The second in-person training session on greening macro-economic models, held as part of the Kenya Core Implementing Country (CIC) program and funded by the Global Program on Sustainability (GPS), brought together staff from the National Treasury, the State Department of Economic Planning, Kenya National Bureau of Statistics (KNBS), and Kenya Institute for Public Policy Research and Analysis (KIPPRA). The training focused on integrating natural capital and climate considerations into macroeconomic analyses and using climate and natural capital data compiled by KNBS for these purposes.
This trainings forms part of a broader Kenya CIC program objective to enhance capacity to develop and institutionalize natural capital accounting. This corresponds to a large part of the Kenya CIC program given the urgency to incorporate its uses (use-cases) to every-day policymaking decisions.
“The importance of natural capital and climate change have become profound for the Kenyan economy”, said Musa Kathanje, Director of Macro Fiscal Affairs Department, National Treasury, as part of his opening remarks at the training. Director Musa noted that having the ability to model the impact of climate and natural capital on the economy is critical for macroeconomic policy making and forms part of performance contracting, underscoring its relevance and importance. He informed the participants that the 2025 Budget Policy Statement captures an assessment and key discussions on how climate and natural capital are informing macroeconomic policymaking. He thanked the World Bank and the GPS for the ongoing technical support in this area.
In Nairobi, the five-day training transferred knowledge on how land and nature interact with the economy and how this can be brought to macroeconomic modelling; in particular, to the World Bank’s macro-fiscal model for Kenya (KenMOD).

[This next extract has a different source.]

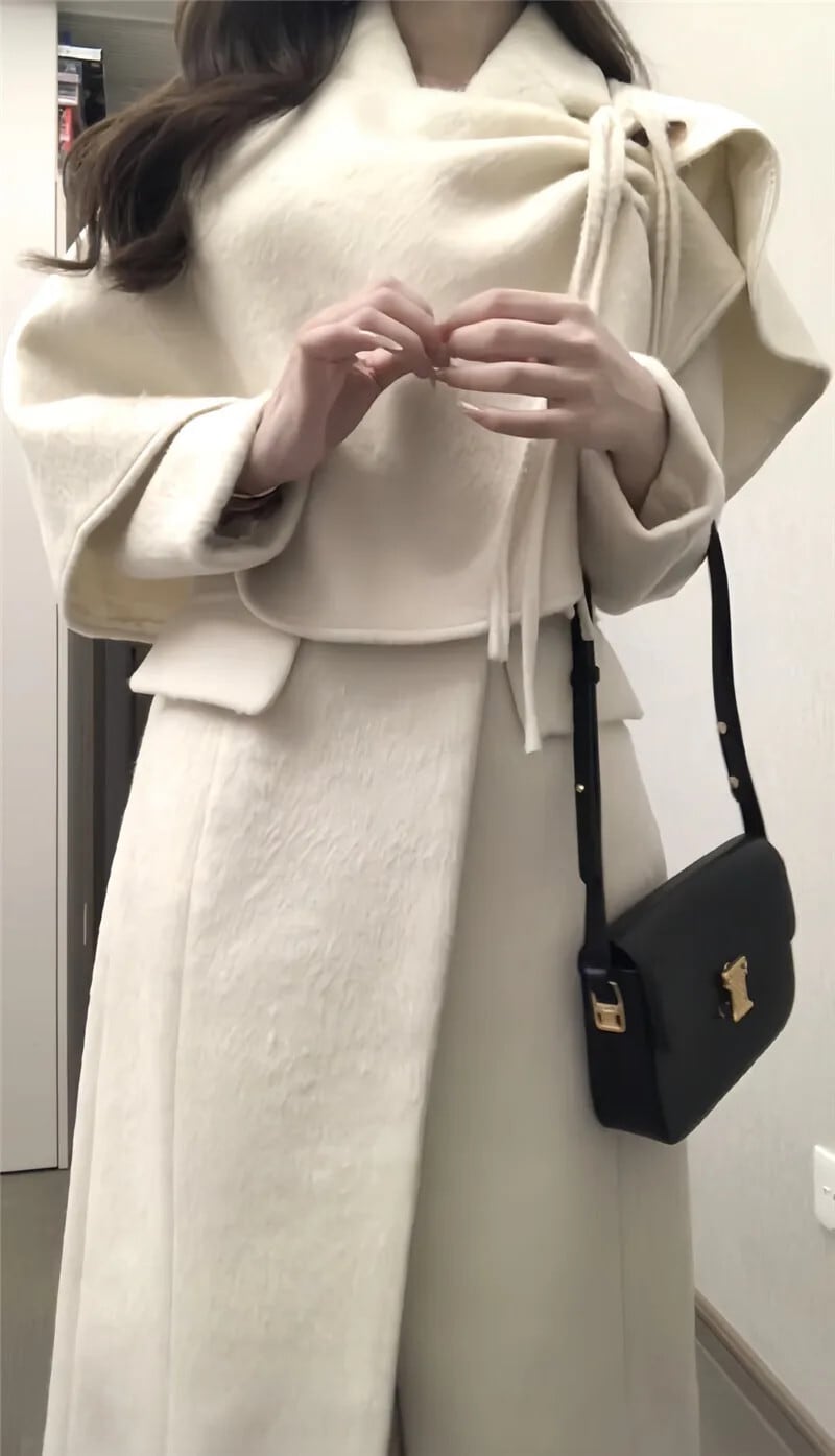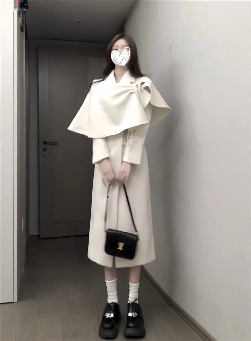 Sweet Girl ホワイトウールコート秋/冬取り外し可能ショールミッドレングスダブルブレストコート 大人ガーリー スウィート キュート カジュアル オータム 秋物 ウィンター 冬物

During the training, participants made simulations of macroeconomic and climate shocks. “The policy simulations and scenario analysis produced by the team showed how increasing global temperatures can have severe effects on economic growth and prosperity; heat stress, floods, and droughts can severely affect the health, consumption, and productivity of workers” shared Jorge Tudela, World Bank Economist for Kenya and co-TTL for the macroeconomic modelling component of the training. “It was great to see participants share their results between them and recognize how changing climate patterns have direct impacts on their hobbies and livelihoods.”